A Bruxelles, importante mobilisation anti-Israël
Ce rassemblement intervient une semaine après que la Belgique a annoncé son intention de reconnaître un État palestinien et dévoilé de nouvelles sanctions contre Jérusalem.

Des dizaines de milliers de personnes, entre 70 000 selon la police et 120 000 selon les organisateurs, ont défilé dimanche dans la capitale belge pour exprimer leur solidarité avec la cause palestinienne.
Les participants, vêtus de rouge et munis de cartons rouge, ont réclamé des mesures supplémentaires contre Israël pour protéger les civils palestiniens. Israël affirme s’efforcer de minimiser les pertes civiles et souligne que le Hamas utilise les Gazaouis comme boucliers humains, en menant ses combats depuis des zones civiles, notamment des maisons, des hôpitaux, des écoles et des mosquées.
« Certains ont rêvé de la chute du mur de Berlin. Moi je rêve d’un État palestinien pour les Palestiniens, qu’ils puissent vivre comme n’importe quel autre peuple », a déclaré auprès de l’AFP Ismet Gumusboga, 60 ans, responsable de sécurité.
« Bruxelles, en particulier pour l’Europe, est un point névralgique de la politique internationale. C’est donc vraiment important que tous les étudiants et les personnes de tout âge manifestent dans cette ville », a souligné Samuele Toppi, un étudiant de 27 ans.

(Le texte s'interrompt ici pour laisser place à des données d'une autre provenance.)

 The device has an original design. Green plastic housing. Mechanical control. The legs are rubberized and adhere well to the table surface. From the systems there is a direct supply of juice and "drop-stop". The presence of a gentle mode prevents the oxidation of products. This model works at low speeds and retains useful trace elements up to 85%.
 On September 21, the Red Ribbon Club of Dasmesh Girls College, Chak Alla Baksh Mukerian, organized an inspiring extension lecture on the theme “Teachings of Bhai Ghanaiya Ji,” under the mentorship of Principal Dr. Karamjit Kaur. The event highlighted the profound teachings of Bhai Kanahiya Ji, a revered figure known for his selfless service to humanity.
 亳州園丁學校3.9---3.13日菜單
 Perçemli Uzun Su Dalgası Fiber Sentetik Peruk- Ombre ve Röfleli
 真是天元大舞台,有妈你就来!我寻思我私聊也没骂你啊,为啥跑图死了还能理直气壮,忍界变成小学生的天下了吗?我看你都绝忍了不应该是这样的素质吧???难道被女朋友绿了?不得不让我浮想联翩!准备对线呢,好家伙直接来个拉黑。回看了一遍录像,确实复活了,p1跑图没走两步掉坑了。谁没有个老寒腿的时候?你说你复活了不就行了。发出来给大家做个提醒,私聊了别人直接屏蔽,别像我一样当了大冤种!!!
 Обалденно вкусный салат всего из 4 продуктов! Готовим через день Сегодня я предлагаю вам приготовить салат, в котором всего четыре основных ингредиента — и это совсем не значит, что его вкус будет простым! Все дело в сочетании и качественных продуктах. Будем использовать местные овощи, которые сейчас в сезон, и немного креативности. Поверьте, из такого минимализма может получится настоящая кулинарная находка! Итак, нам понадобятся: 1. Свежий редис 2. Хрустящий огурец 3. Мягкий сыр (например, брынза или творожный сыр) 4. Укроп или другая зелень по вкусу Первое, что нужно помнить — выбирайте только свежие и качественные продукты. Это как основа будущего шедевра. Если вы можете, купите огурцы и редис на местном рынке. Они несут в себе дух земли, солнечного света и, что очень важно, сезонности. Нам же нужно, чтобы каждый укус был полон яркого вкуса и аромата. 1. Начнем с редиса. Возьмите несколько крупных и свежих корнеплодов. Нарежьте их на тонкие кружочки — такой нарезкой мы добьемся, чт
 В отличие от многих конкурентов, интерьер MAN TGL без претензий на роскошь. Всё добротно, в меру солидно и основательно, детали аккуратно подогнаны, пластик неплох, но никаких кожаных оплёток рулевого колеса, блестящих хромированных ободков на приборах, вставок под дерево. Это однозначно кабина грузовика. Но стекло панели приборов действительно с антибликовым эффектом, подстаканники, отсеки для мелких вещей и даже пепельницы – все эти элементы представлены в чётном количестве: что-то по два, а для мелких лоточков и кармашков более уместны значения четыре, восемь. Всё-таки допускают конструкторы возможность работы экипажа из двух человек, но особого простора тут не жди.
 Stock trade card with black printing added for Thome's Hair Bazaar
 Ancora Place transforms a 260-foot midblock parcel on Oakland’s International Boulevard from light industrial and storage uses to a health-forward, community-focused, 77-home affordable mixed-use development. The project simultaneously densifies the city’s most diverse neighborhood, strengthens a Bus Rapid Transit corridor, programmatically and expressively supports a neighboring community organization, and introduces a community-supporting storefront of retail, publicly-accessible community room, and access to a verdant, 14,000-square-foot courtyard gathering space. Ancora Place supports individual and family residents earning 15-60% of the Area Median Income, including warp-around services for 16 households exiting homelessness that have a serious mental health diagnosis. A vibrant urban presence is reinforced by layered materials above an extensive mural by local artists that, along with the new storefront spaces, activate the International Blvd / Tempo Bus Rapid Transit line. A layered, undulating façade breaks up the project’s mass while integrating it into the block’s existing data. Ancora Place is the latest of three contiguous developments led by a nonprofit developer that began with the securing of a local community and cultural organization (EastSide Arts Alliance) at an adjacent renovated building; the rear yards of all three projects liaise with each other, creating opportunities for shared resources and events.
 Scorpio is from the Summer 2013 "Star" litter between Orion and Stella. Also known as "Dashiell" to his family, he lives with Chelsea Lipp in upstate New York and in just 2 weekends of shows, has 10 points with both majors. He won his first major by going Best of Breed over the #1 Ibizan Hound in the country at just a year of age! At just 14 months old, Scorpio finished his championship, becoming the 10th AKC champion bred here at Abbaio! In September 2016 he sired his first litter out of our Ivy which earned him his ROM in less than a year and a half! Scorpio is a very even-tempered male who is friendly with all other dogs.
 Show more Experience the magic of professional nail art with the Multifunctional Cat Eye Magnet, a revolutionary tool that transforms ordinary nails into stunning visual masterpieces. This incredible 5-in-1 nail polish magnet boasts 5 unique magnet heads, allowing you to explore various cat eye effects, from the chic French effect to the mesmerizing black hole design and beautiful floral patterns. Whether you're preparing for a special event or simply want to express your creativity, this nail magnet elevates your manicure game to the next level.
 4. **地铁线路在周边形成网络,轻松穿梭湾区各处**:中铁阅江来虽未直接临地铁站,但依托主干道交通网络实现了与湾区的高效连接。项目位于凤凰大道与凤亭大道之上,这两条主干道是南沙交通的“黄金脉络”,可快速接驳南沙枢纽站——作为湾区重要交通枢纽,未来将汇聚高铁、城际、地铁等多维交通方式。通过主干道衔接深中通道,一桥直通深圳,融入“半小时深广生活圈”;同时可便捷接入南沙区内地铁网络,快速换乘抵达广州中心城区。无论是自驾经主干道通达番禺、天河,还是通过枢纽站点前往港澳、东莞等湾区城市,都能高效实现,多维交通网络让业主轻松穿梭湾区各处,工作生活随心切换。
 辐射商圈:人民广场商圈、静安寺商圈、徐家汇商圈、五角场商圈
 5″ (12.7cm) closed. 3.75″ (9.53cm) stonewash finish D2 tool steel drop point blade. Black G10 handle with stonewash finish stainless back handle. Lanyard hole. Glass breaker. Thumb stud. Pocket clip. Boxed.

« Face au génocide en cours, les mesures (prises jusqu’ici) ne sont pas encore à la hauteur », a affirmé auprès de l’AFP Grégory Mauzé, porte-parole d’une association belgo-palestinienne.
Le ministre belge des Affaires étrangères, Maxime Prévot, a déclaré vendredi dans un entretien avec l’AFP que l’Union européenne n’était « pas au rendez-vous de ses responsabilités » face à la guerre à Gaza, et que sa crédibilité en politique étrangère était « en train de s’effondrer ».
Ce ministre centriste francophone faisait référence aux divisions des 27 Etats membres, incapables depuis des mois de s’entendre à l’unanimité pour sanctionner Israël pour la guerre menée depuis près de deux ans dans le territoire palestinien de Gaza, déclenchée par l’attaque du 7 octobre 2023 perpétrée par le Hamas sur le sol israélien.
L’accès très limité à l’aide humanitaire pour la population civile a mené l’ONU à décréter fin aout l’état de famine à Gaza.
Face à cette situation, la Belgique a récemment décidé de prendre unilatéralement une série de sanctions (économiques, consulaires etc) contre Israël ou certains ministres du gouvernement Netanyahu, et s’est engagée à se joindre aux pays – dont la France – qui reconnaîtront l’Etat de Palestine en marge de la prochaine assemblée générale de l’ONU.
Cependant, Bruxelles a également déclaré que sa reconnaissance de la Palestine ne serait proclamée par décret royal « que lorsque le dernier otage aura été libéré et que le Hamas n’exercera plus aucune forme de gouvernance sur la Palestine ». Un responsable belge a déclaré la semaine dernière au Times of Israel que la Belgique ne prendrait aucune mesure officielle, telle que l’ouverture d’une ambassade, tant que le Hamas ne serait pas désarmé et exclu de toute fonction gouvernementale.